In an industry often driven by trends and repetition, Guardianes de la Naturaleza proposes the opposite: looking back to recover what was nearly lost. Led by Victoria Brond, the project focuses on old vineyards and forgotten grape varieties, prioritizing living ecosystems and producers who have sustained these lands for generations. The premise is clear: not to replace, but to rescue.

Within this philosophy comes El Mirlo, a Malbec that even challenges the very concept of vineyard training. Its grapes come from vines that grow freely, without physical or chemical constraints, in a biodynamic vineyard in Perdriel. This “wild” growth is not neglect, but a deliberate choice: allowing the vine to express itself without intervention to produce a more honest, less manipulated wine deeply tied to its environment.

Note: Instead of planting new vineyards, Guardianes deliberately seeks out those left outside the system—old, forgotten, or abandoned vines—and turns them into the heart of its wines. In short, it finds value in what the industry has left behind.

Where: The project doesn’t have a physical location open to the public, but its wines can be purchased via WhatsApp at +54 261 242 8537.

10. Pielihueso Wines: When Wine Is Also Invented Through the Label

In a wine world defined by rigid categories, Pielihueso chooses to create its own. With minimal and deeply artisanal production, the project uses micro-vinification as a space for constant experimentation, resulting in wines that don’t aim to fit in, but to raise new questions. Each batch is different; each bottle is an exploration.

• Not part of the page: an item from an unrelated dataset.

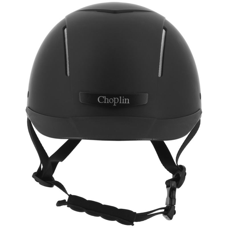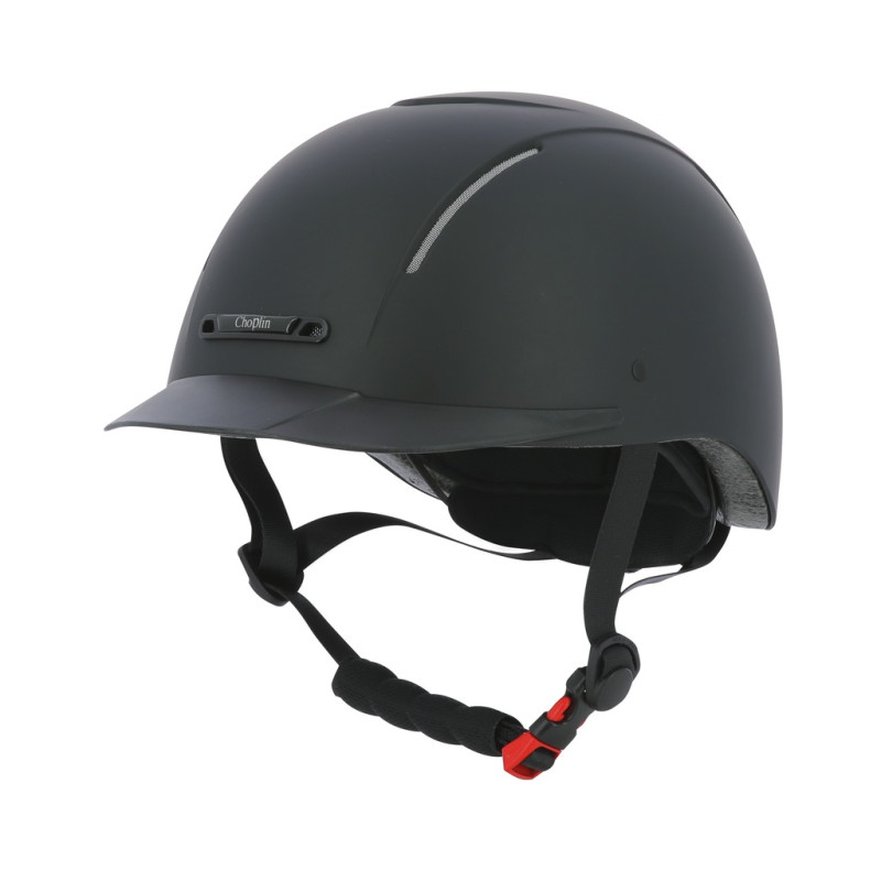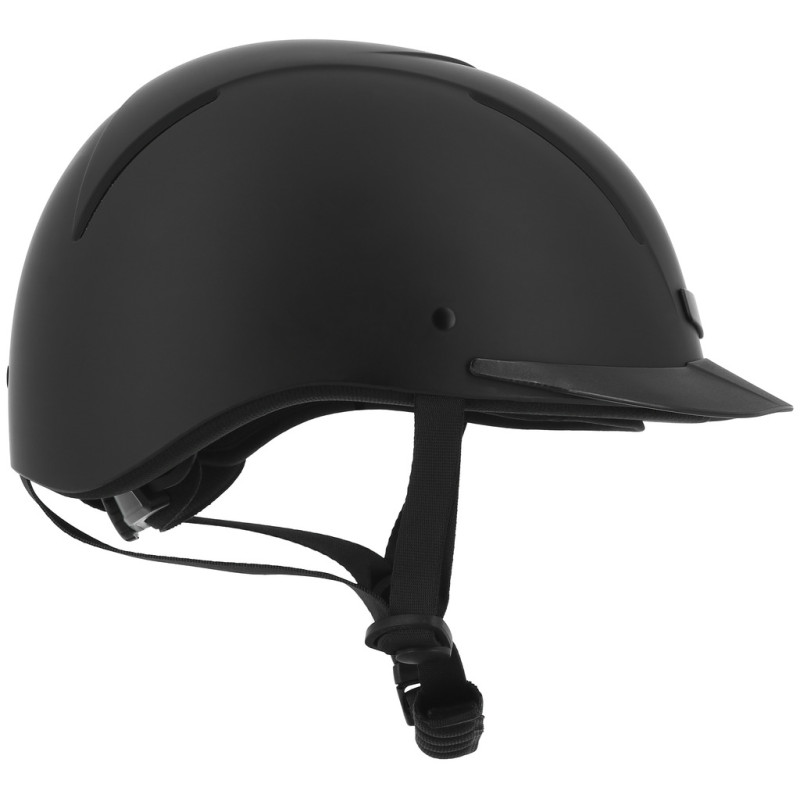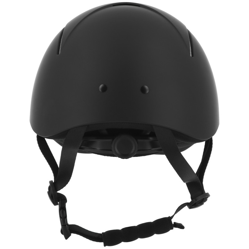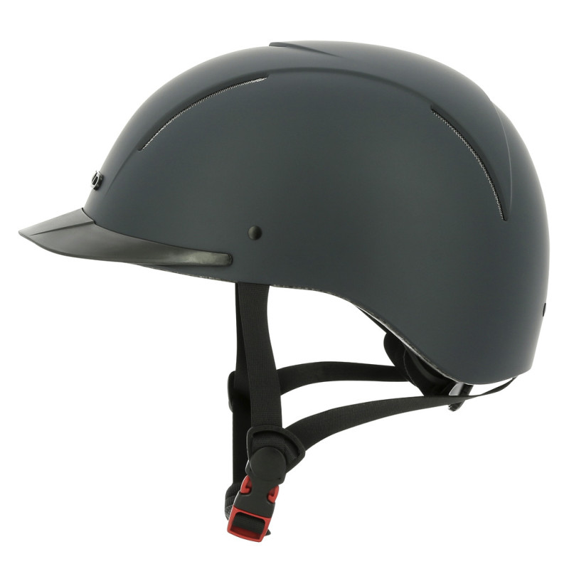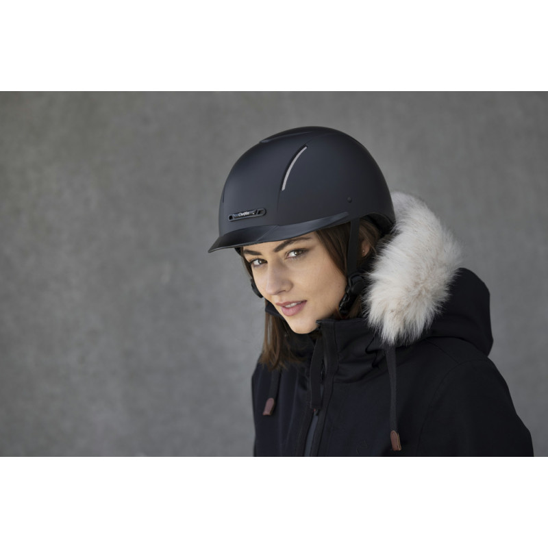 Glatte, matte und extrem robuste ABS-Außenschale, deren Schutzeigenschaften auch bei extremen Temperaturen erhalten bleiben. Innenschale aus sehr leichtem, hochverdichtetem EPS (expandiertes Polystyrol) mit hervorragenden stoßdämpfenden Eigenschaften. Belüftungszone vorne und hinten und in der Mitte. Zusammen mit dem herausnehmbaren, waschbaren Polyesterfutter sorgen sie für eine schnelle Schweißableitung und eine optimale Luftzirkulation im Helminneren. Das bei 30 °C maschinenwaschbare Innenfutter wird mit Klett befestigt. 3-Punkt-Steckverschluss für eine rasche Befestigung. Durch Drehknopf verstellbarer Kopfumfang, biegsamer Schirm. Kinnschutz und Weitenregler gepolstert. Reithelm mit CE-Prüfzeichen entsprechend der Norm EN1384/2012-02, modifiziert durch das Koordinationsblatt VG1 01.040 2014-12,, zertifiziert vom TÜV Rheinland.

This pursuit is especially evident in their commitment to orange wines, which they not only produce but also actively promote as a recognized category in Argentina. But Pielihueso goes beyond technique: its disruptive, identity-driven labels act as an extension of the wine itself, creating a universe where visual, conceptual, and sensory elements coexist. The result is a product that breaks expectations—both in content and form—positioning wine closer to art than tradition.

Note: Pielihueso was one of the first projects in Argentina to formally register and communicate orange wine as a category, bringing an ancestral practice into a new territory where identity, aesthetics, and experimentation go hand in hand.

Where: Corredor Productivo s/n, Los Sauces, Mendoza.